1. Clearly state the rationale for the choice of tools and technologies for the project.
 - In this project use some processing techniques including:
     - Apache Spark, because of its ability to process massive amounts of data as well as the use of its unified analytics engine and convenient APIs.
     - Pandas, due to its convenient dataframe manipulation functions.

2. Propose how often the data should be updated and why:
    - The immigration (i94) data set is updated monthly, hence all relevant data should be updated monthly as well.
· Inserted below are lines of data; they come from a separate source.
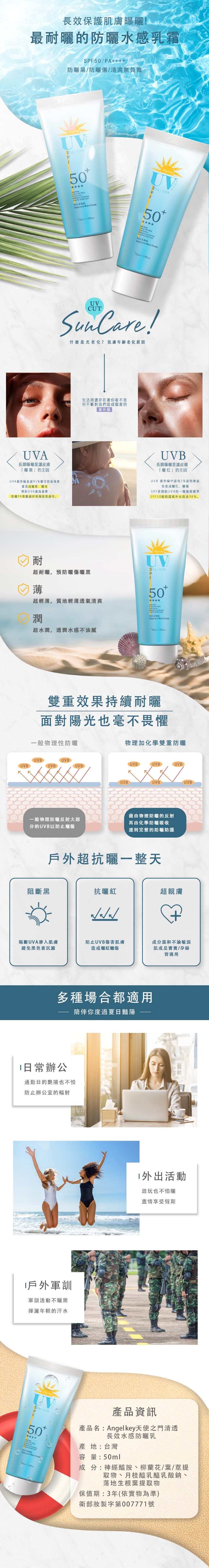 產地:台灣製 使用方法:取適量水感防曬乳,於保養最後一道做肌膚防護,輕柔的塗抹於臉/身體部位;長期曝曬於陽光下,建議每隔2-3小時補抹一次。
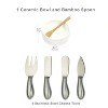 - INCLUDES a Ceramic Dip/Olive Bowl with bamboo spoon & 4 Stainless Steel Cheese Tools.
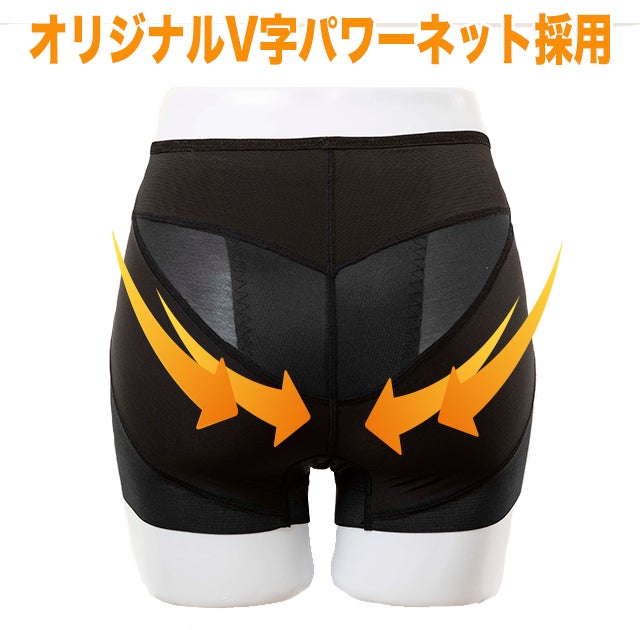 「オリジナルのV字パワーネット」により、着用中に骨盤をサポートします。
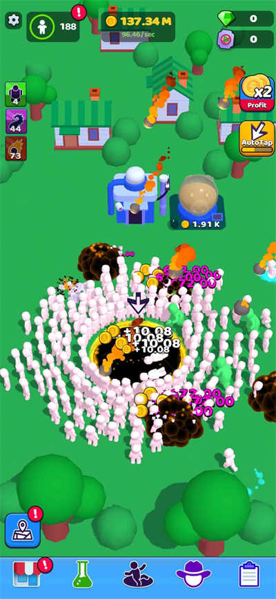 游戲是通過指尖滑動來控制角色的奔跑方向,在這個游戲中玩家可以控制人群在關(guān)卡中享受沖刺吞沒,有很多障礙需要你注意,會阻礙你的吞噬區(qū)域,直到最后吞噬一切,獲勝,新穎有趣的游戲。
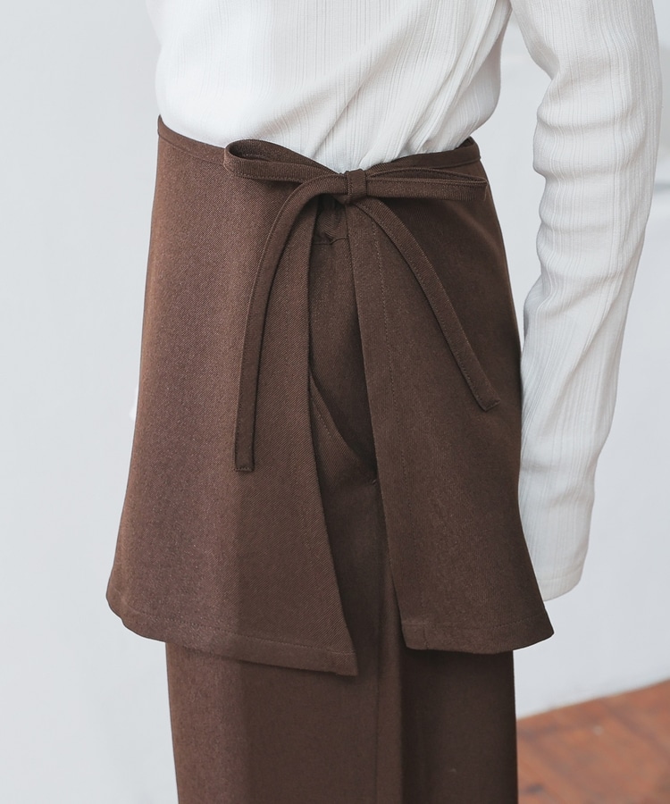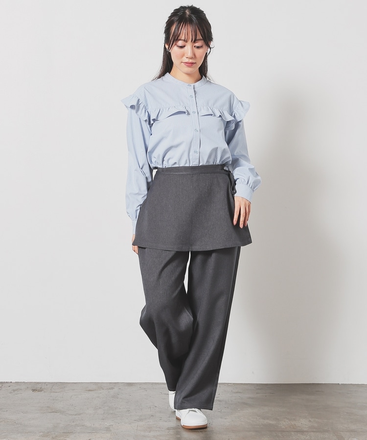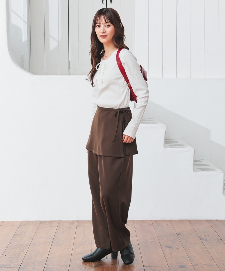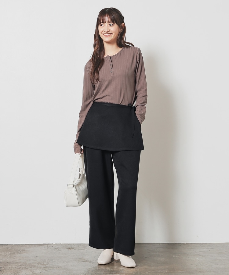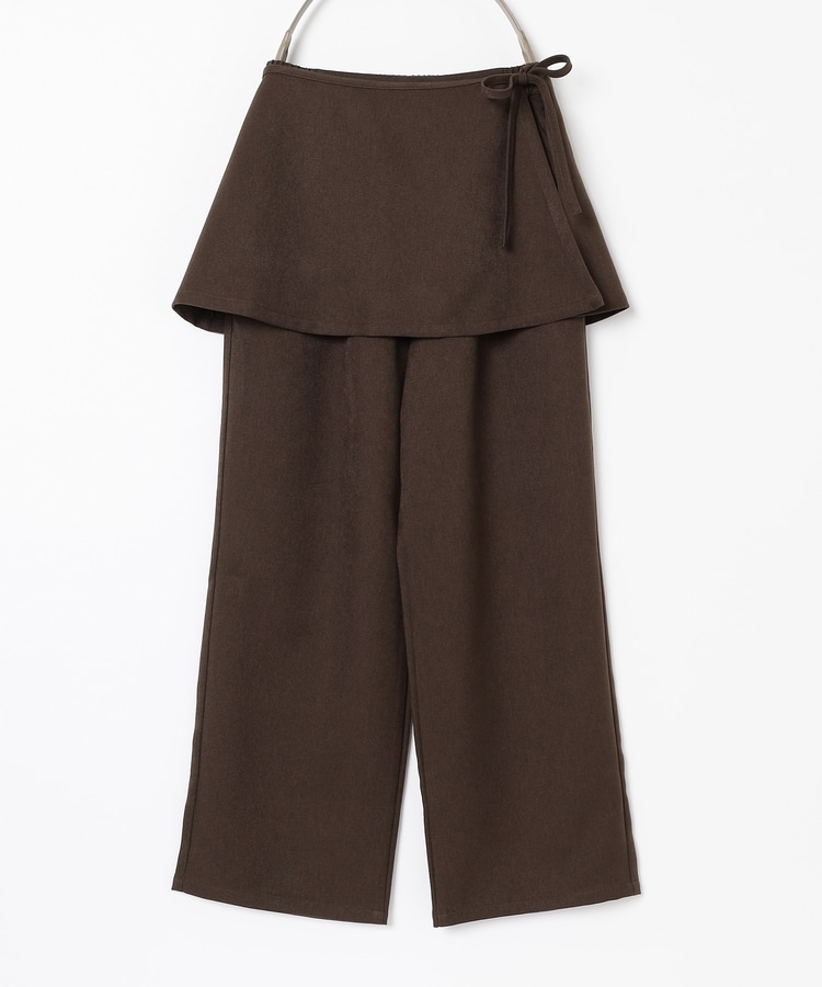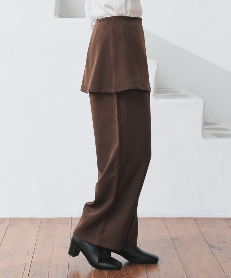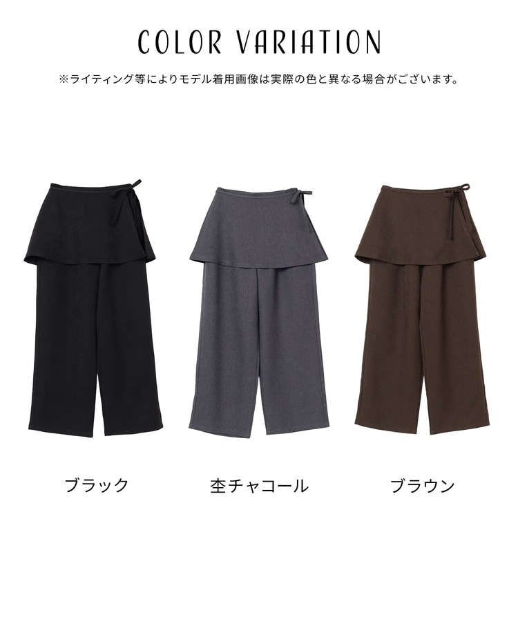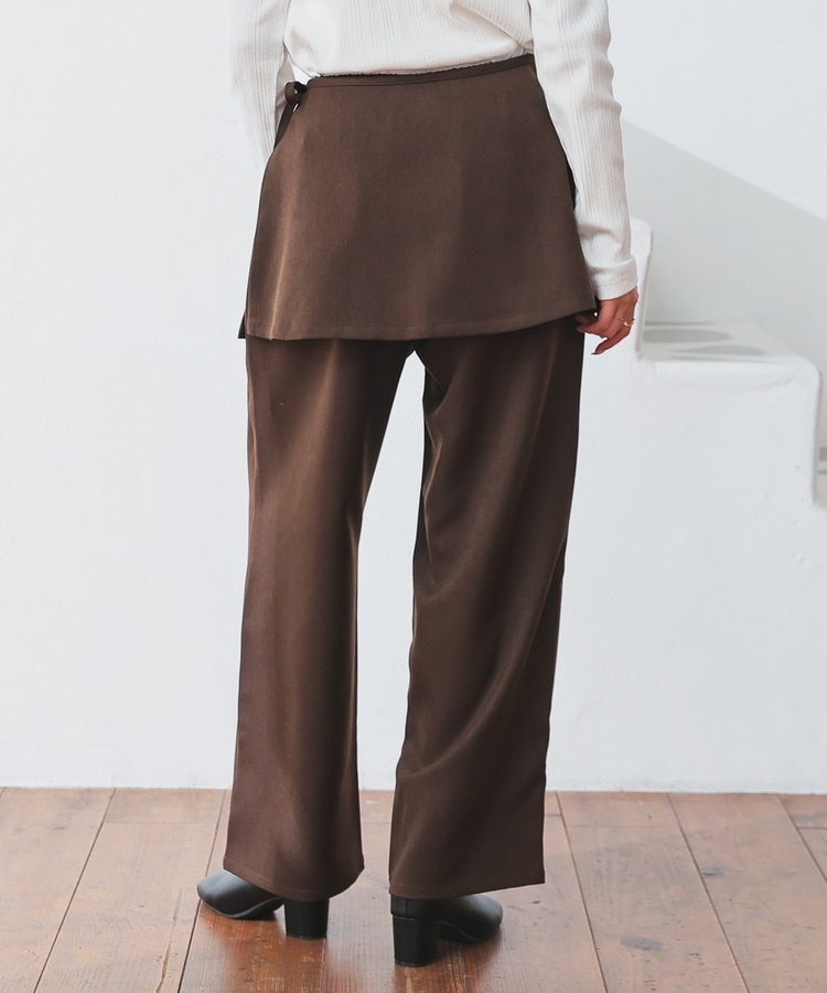 ストンとしたきれいなストレートシルエットのパンツに巻きスカートが付いたトレンドライクなデザイン。
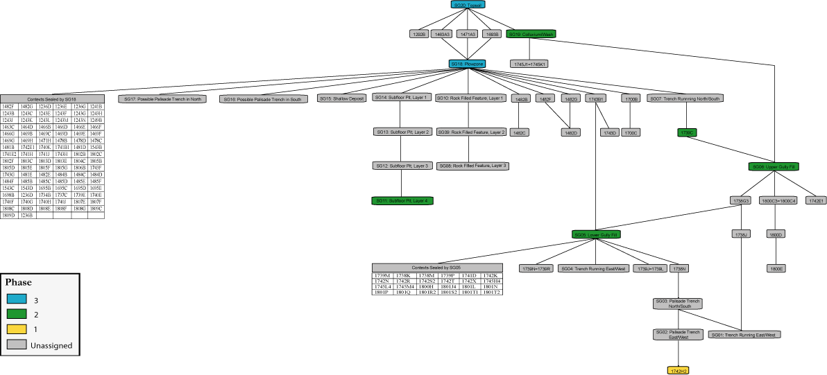The stratigraphic relationships among stratigraphic groups and unassigned contexts are summarized in the Harris Matrix for the site. Phase assignments from the seriation are shown on the Harris Matrix in color, facilitating comparison of the seriation chronology and the stratigraphic chronology of the site.
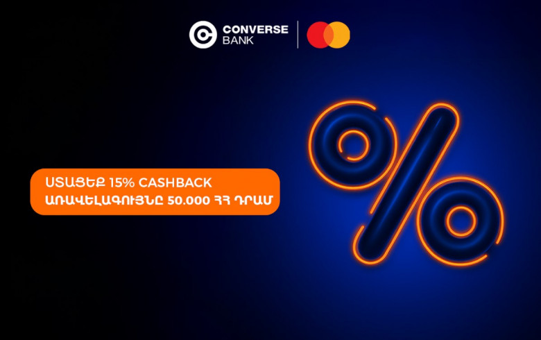 • Գործարքի գումարի 15%-ի՝ մինչև 50․000 ՀՀ դրամի/համարժեք արտարժույթի չափով քեշբեք Կոնվերս Բանկի կողմից,
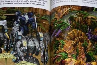 Realmente creo que ese informe de batalla es algo mas que promocionar las nuevas figuras de Tiranidos.Es demostrar que con el nuevo giro que están tomando las reglas se esta abriendo una nueva posibilidad que los de GW se mueren de ganas por aprovechar y sacar todo su jugo:Batallas de bichos grandes y solo grandes,donde en vez de cargar con maletones y mochilas llenos de figuras,se juegue con 5,6,7 o mas muy grandes que entren en un maleton y una mochila.
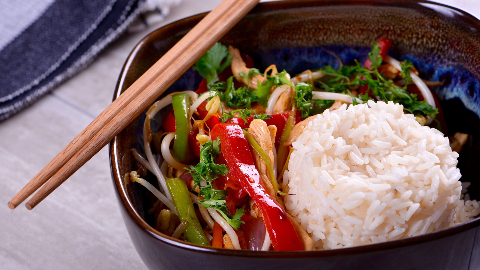 Añadir los brotes de soja, la cebolleta china y servir junto al arroz.
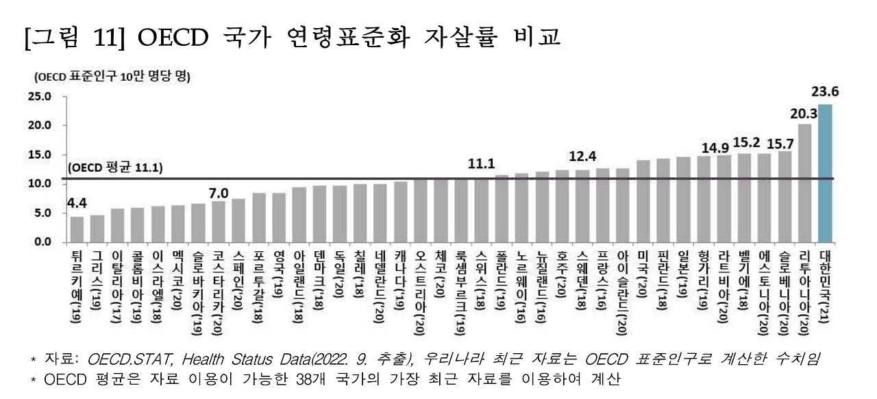 OECD에서 발표한 코로나 위기상황에서의 전신건강조사에 따르면, 2020년 코로나 팬데믹 당시 불안지수가 멕시코, 영국, 미국에 이어 한국이 4위에 포진되어 있다. 우울증 지수는 더 심각하다. 불안 지수와 마찬가지로, 한국이 1위를 차지한다. 즉, 우리나라 사람들은 한국 살면서 행복하지 않다고 느끼고 있다는 것이다.
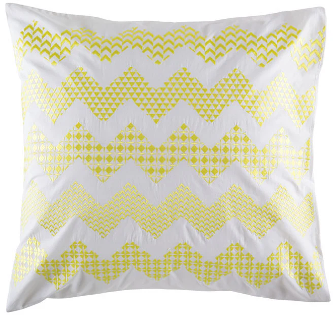 The KAS graphic geometric embroidery accentuates this textured citrus andĀ white design.ĀThe clean lines and the micro patternsĀ that form the over sizedĀ Zig Zag, bring a contemporary twist toĀ classic geometric bed linen.Ā
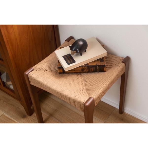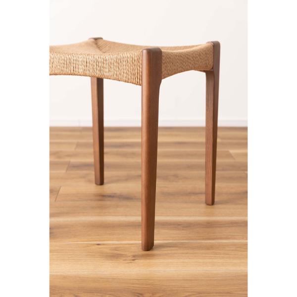 ●ペーパーコードの特徴/1.樹脂を含ませ撚り合わせて作られた紙紐。非常に丈夫な素材で耐久性に優れ、デザイナーズ家具にも使用される高品質な材質。2.1本1本がしっかりとコーティングされているので汚れが付きにくくお手入れも簡単。3.使い始めはやや硬く弾力性のある素材。使うごとに少しずつ体の形に馴染み、包み込まれるような座り心地へと変化していきます。4.1本1本の編み目に隙間があるので通気性が良く、夏場なども蒸れずに快適。また、冬場は温かい空気が通るので座面が適度に温められるのでオールシーズン快適。5.ペーパーコード自体が軽い素材なので、スツール全体も他のスツールに比べて軽量な仕上がり。
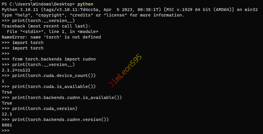 print(torch.__version__) print(torch.cuda.device_count()) print(torch.cuda.is_available()) print(torch.backends.cudnn.is_available()) print(torch.cuda_version) print(torch.backends.cudnn.version())
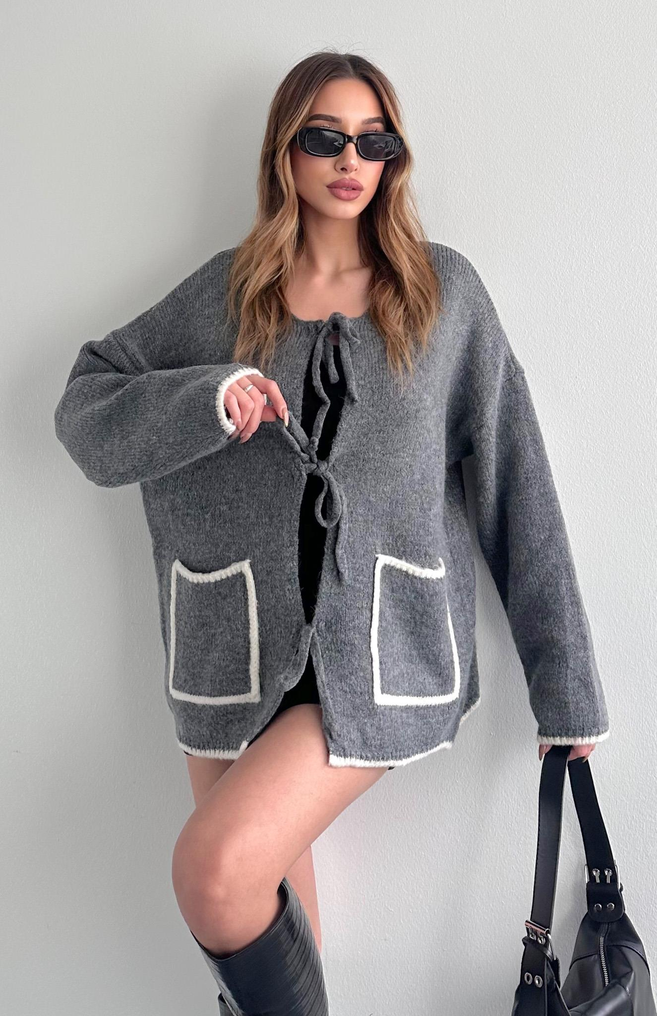 Renkli Cepli Bağcıklı Hırka ANTRASİT
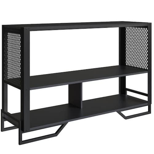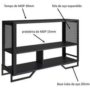 Aparador 2 Prateleiras Estilo Industrial Telado P1021 Preto Placa e Ponto
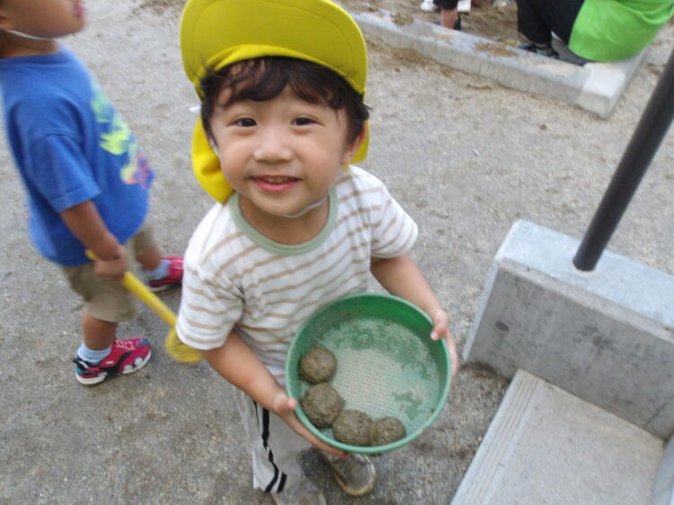 砂場で作ったケーキやごはんを乗せて、配達する姿も見られましたよ。

3. Write a description of how you would approach the problem differently under the following scenarios:
- The data was increased by 100x: If the data was increased by 100x I would use more sophisticated and appropriate frameworks to perform processing and storage functions, such as Amazon Redshift, Amazon EMR or Apache Cassandra.
- The data populates a dashboard that must be updated on a daily basis by 7am every day: If the data had to populate a dashboard daily, I would manage the ETL pipeline in a DAG from Apache Airflow. This would ensure that the pipeline runs in time, that data quality checks pass, and provide a convenient means of notification should the pipeline fail.
- The database needed to be accessed by 100+ people: If the data needed to be accessed by many people simultaneously, I would move the analytics database to Amazon Redshift which can handle massive request volumes and is easily scalable.